We spent a lot of time early on just exploring deeper and deeper dungeons, then created a town so that characters could buy stuff in between adventures, then a small region of wilderness so that characters could travel to and from the dungeon. It all grew up in a slow and piecemeal manner where we would realize we needed something (a castle, a city, a dungeon) and just design it on the spot. As we built our campaign worlds to take up more and more area, we added in more kingdoms and fought occasional battles between baronies using Chainmail rules. Often we would run more than one character at a time, perhaps one "baron" and one "adventurer" so that we could play politics and spies at the same time. What was interesting was that those characters weren't always on the same side, so your baron would be trying to accomplish something while your adventurer was trying to stop it. Most of the time, however, there was an evil king or an evil wizard trying to rule the world so all of us would band together to try to defeat the bad guys.
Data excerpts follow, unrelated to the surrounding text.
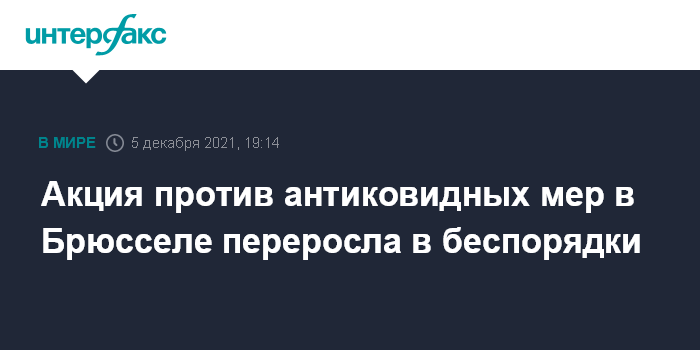 Акция против антиковидных мер в Брюсселе переросла в беспорядки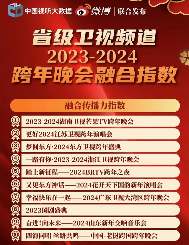 不管是从用户还是平台角度来看,这种方式也的确奏效。据中国视听大数据微博联合发布的《省级卫视频道2023-2024跨年晚会融合指数》报告显示,融合传播力指数方面,湖南卫视芒果TV、江苏卫视、东方卫视、浙江卫视位居前四,跨屏影响力指数也是四家排排坐,值得注意的是,这四家也是贡献今年“网红舞台”的主力军。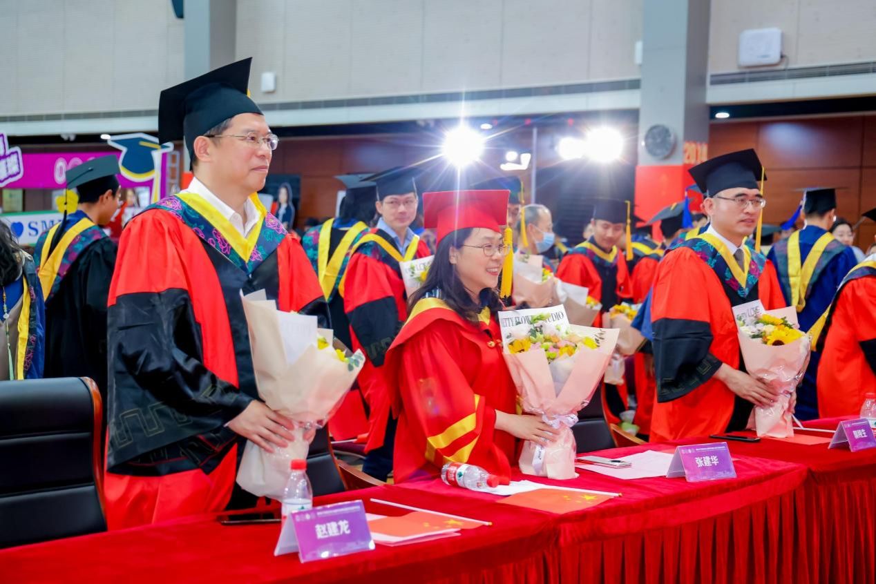 学院党委副书记、副院长袁铭主持学位授予仪式,副校长、学院执行院长张建华主礼学位授予仪式并为毕业生拨穗正冠,院长赵建龙颁发学位证书,学院党委书记郭纯生赠送毕业礼物,副院长路秀真和胡挺分别宣读了本科生和研究生学位授予名单。
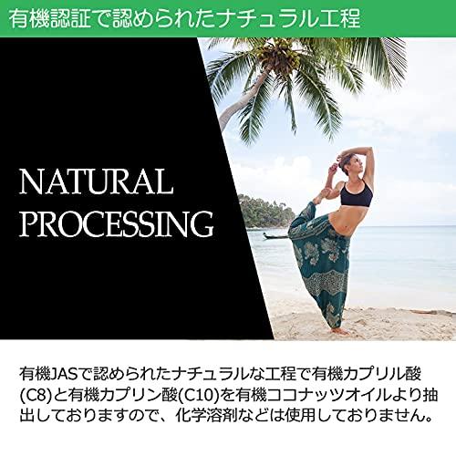 原料には100%有機ココナッツを使用し有機ココナッツオイルを製造した後に、JAS有機で認められたナチュラルな工程で有機カプリル酸(C8)と有機カプリン酸(C10)を抽出しております。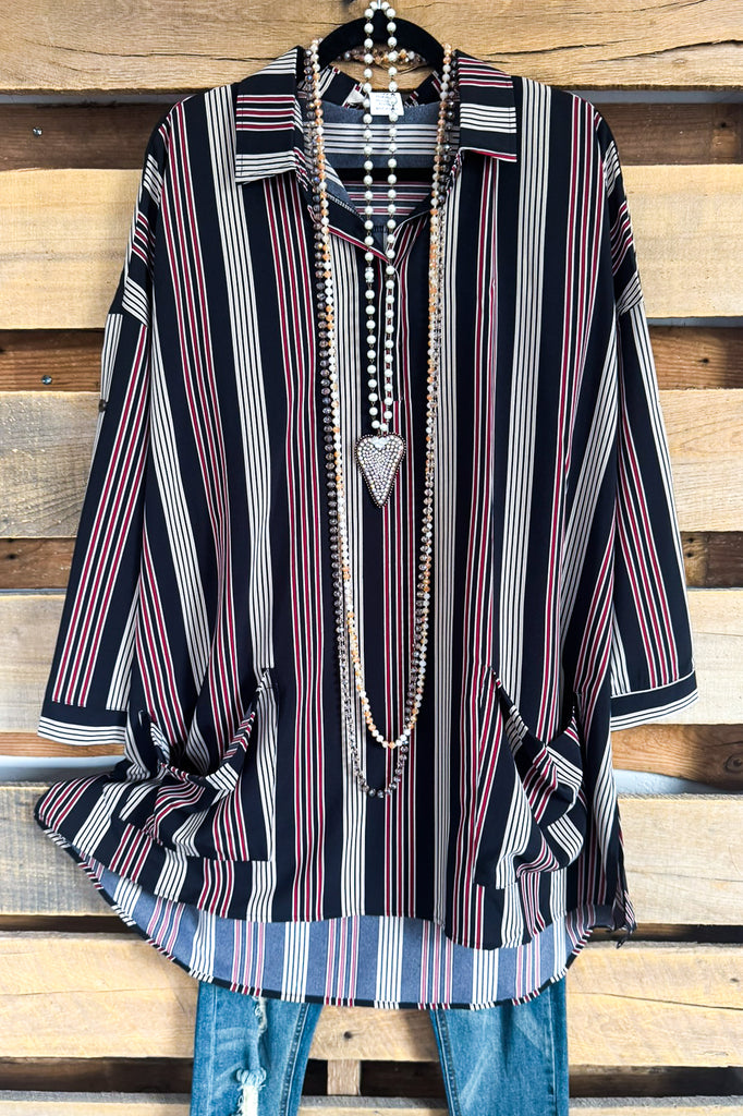 Strips Of Harmony Oversized Dress/Tunic - Black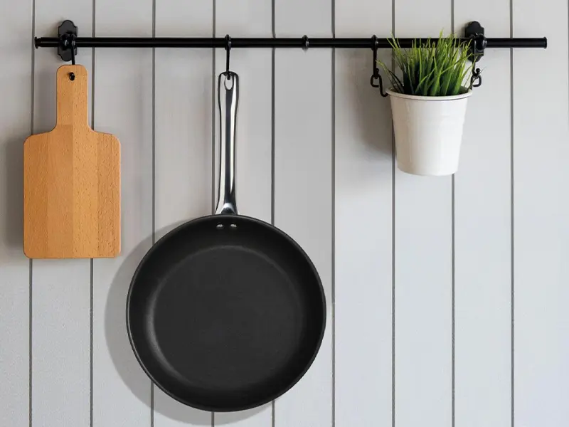 Довга ручка з відверненням може бути вам дуже зручною! Ви можете повісити сковороду на стіну і таким чином зробити кухню затишною та чистою. Більш того, в цей отвір можна покласти ложку, вкриту соусом, яку ви використовуєте. Замість того, щоб забруднити іншу тарілку чи капати на стіл, ложка просто капає назад у те, що ви готуєте.
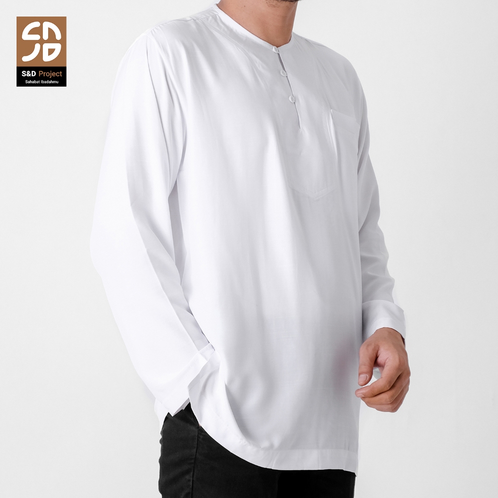 S&D PROJECT Baju Koko Muslim Pangsi Katun Rayon Putih Jumbo M-4XL Untuk Pria Dewasa Lengan Panjang
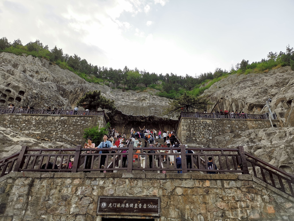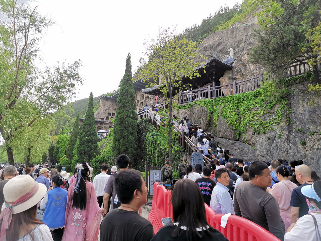沿途一路走进去,山壁上有很多石窟,要想上去近距离看,就要走楼梯上去,人太多了,据说昨天周日的人更多。

I was a charter subscriber to the Judges Guild subscription so I got the CSIO, Thunderhold, and other "modules" which made appearances in my campaign. The CSIO was interesting because it had cool stuff you could stumble upon without me having to plan it in advance. The CSIO was used in almost every campaign I ran in the 1970's and 1980's, only sometimes it was called Greyhawk, sometimes Lankhmar, or Aquilonia, or whatever city was needed at the time. I stole a lot of place-names from literature (still do, actually) to help my prep because I would already have a clue what might be found there. Back in those days everyone that I knew made their own campaign maps and nobody played in a store-bought campaign, with the exception of the JG materials that I used in my game.
For me, the "early days" were all about fun and flexibility. We didn't get really hung up in rules debates (not until AD&D came out, that is, when our "rules lawyers" began to take over) and we rewarded player creativity. Some of our players didn't know the rules very well, had never read the rulebook, and had no interest in reading the rulebook; they just played and enjoyed the action. I won't say that it was a "role versus roll" thing because we didn't think in those terms back then, but characters with similar stats might seem very different because of the way they were played. A fighting man who was a noble might play very different from a fighting man who was a sergeant. We sort of got "into" persona and that guided us a lot more than the game bonuses. Sometimes we would set up a "family tree" and play through a character, son of a character, grand-son of a character, and so on.
I won't say that this style of play was "better" then what I see at game stores now, but it was different.